## WHAT YOU WILL DO
Using the data below, transcribe exactly everything from the line that contains "17일 오후 광주구장에서" down to the line that contains "Отзывы на Комплект". Include both of those lines and none of the pictures.

Segment Start: INPUT FOR THIS TASK

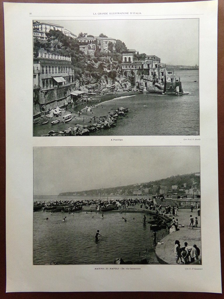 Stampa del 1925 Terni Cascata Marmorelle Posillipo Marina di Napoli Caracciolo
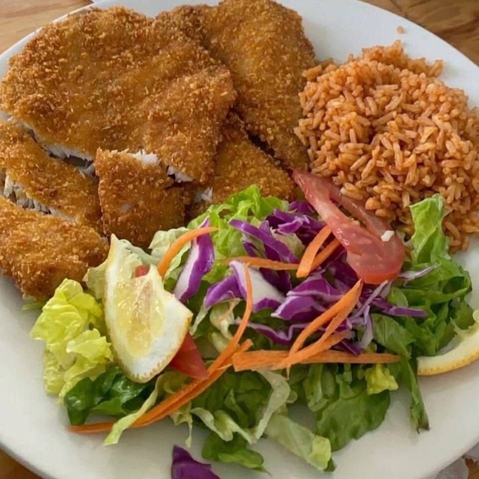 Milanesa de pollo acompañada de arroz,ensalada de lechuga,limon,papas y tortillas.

Segment End: INPUT FOR THIS TASK
Segment Start: INPUT FOR THIS TASK

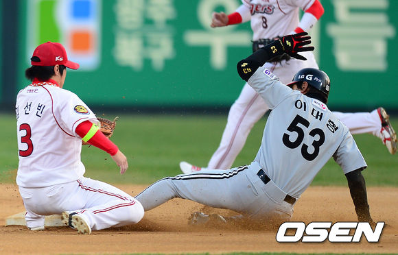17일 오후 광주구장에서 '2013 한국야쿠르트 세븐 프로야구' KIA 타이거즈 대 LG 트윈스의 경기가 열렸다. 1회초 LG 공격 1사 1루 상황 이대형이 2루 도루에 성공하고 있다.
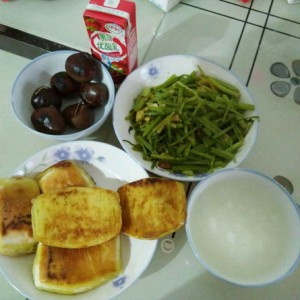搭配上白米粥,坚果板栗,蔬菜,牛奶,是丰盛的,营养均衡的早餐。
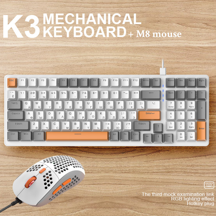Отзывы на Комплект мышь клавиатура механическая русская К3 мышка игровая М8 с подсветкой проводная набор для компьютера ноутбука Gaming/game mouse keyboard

Segment End: INPUT FOR THIS TASK

## RESPONSE TO THE EXERCISE
17일 오후 광주구장에서 '2013 한국야쿠르트 세븐 프로야구' KIA 타이거즈 대 LG 트윈스의 경기가 열렸다. 1회초 LG 공격 1사 1루 상황 이대형이 2루 도루에 성공하고 있다.
搭配上白米粥,坚果板栗,蔬菜,牛奶,是丰盛的,营养均衡的早餐。
Отзывы на Комплект мышь клавиатура механическая русская К3 мышка игровая М8 с подсветкой проводная набор для компьютера ноутбука Gaming/game mouse keyboard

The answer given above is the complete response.